Roran procuró respirar despacio para poder escuchar si había más ruidos, pero lo único que oía era su propio corazón, que latía cada vez más deprisa. La línea de tensión a lo largo de la columna le vibraba como si fuera una cuerda de guitarra.
Pasó un minuto.
Luego, otro.
Justo cuando empezaba a pensar que no había ningún motivo para alarmarse y su corazón empezaba a tranquilizarse, vio una sombra sobre la tela de la parte delantera de la tienda que impedía el paso de la luz de las antorchas.

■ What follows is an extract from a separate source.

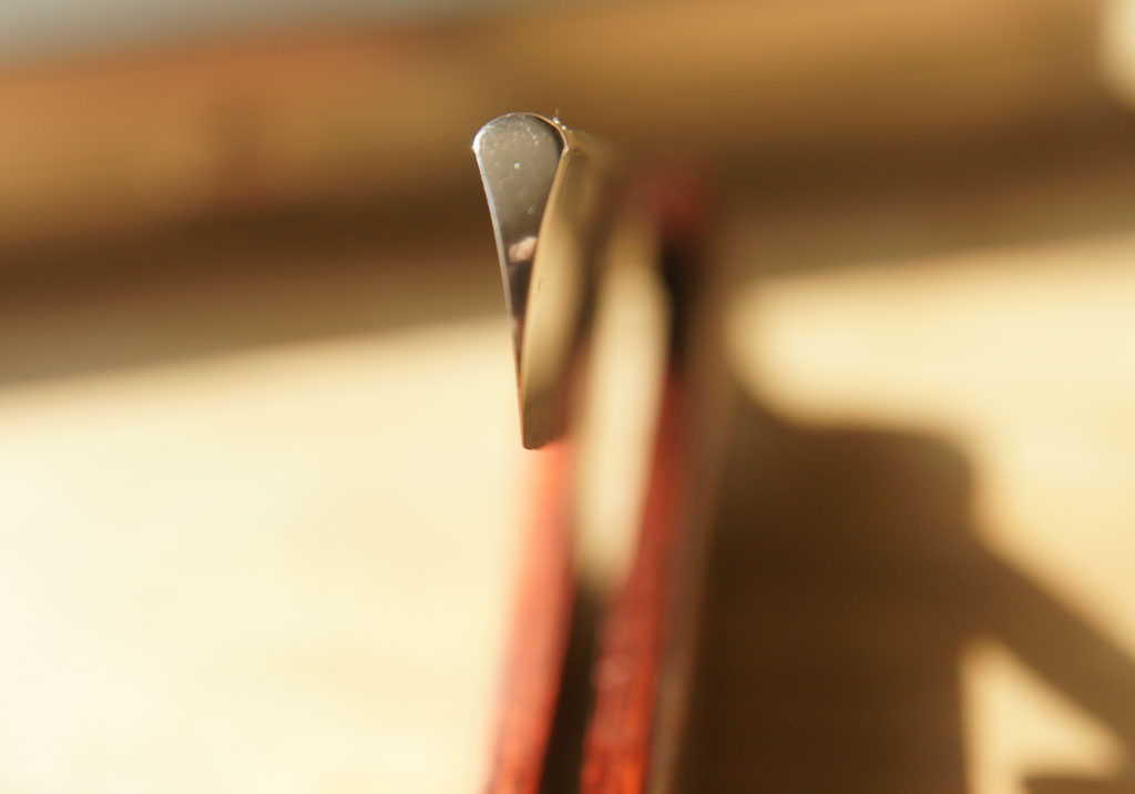 Прокладкой между частями ручки служит свинцовый металл. К сожалению, такие перламутровые ручки довольно хрупки. Большая удача для современного коллекционера – найти образец этой красивейшей ручки без трещин и сколов. Мне повезло найти две такие бритвы, но обе были со сломанными ручками. Было отмечено, что ручки были разных размеров под разную ширину бритв.

El pulso de Roran triplicó su velocidad. Sentía que el corazón le latía con tanta fuerza como si estuviera subiendo por la ladera de una montaña. Fuera quien fuera, no era posible que hubiera venido a despertarlo para iniciar el sitio de Aroughs, ni tampoco para traerle ninguna información, porque en ese caso no hubiera dudado en llamarlo y entrar en la tienda.

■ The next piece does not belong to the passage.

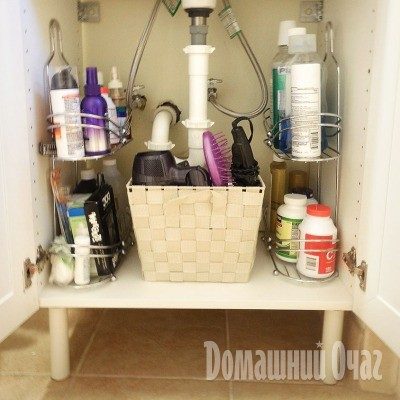 Если под раковиной просторный двустворчатый шкаф, повесьте внутри несколько ящичков — органайзеров, а на дверки прикрепите металлические полки для хранения моющих средств и фена.

Entonces, una mano enfundada en un guante negro —solo un tono más oscuro que el negro de su alrededor— se coló por la apertura de las cortinas y cogió el nudo que las mantenía cerradas.
Roran abrió la boca para dar la voz de alarma, pero cambió rápidamente de opinión. Sería una locura perder la ventaja que le daba recibir a su atacante por sorpresa. Además, si el intruso se daba cuenta de que lo había visto, podía entrarle el pánico, cosa que podía hacerle más peligroso.
Roran sacó con cuidado su daga de debajo de la capa que había enrollado para utilizar de almohada y la dejó al lado de su rodilla, debajo de un pliegue de la manta. Al mismo tiempo, sujetó el borde de la manta con la otra mano.
El intruso penetró en la tienda y la luz de la antorcha de fuera perfiló su silueta con un halo anaranjado. Roran vio que el hombre llevaba un jubón de piel, pero sin armadura ni cota de malla. Luego la cortina se cerró y la oscuridad lo envolvió todo.
La figura sin rostro se acercó despacio al catre.
Roran se esforzaba por controlar la respiración para fingir que dormía, y le pareció que acabaría desmayándose por falta de aire.
Cuando el intruso estuvo a medio camino entre la puerta y el catre, Roran le lanzó la manta encima y, con un alarido salvaje, saltó sobre él mientras levantaba la daga para clavársela en el estómago.
—¡Espera! —gritó el hombre.
Sorprendido, Roran refrenó la mano y los dos cayeron al suelo.
—¡Amigo! ¡Soy un amigo!
Al cabo de un segundo, el hombre le había dado dos fuertes golpes en los riñones y Roran se había quedado sin aire en los pulmones. El dolor fue tan fuerte que casi lo incapacitó, pero se obligó a rodar por el suelo para poner un poco de distancia entre los dos. Luego se puso en pie y volvió a cargar contra su atacante, que continuaba enredado con la manta.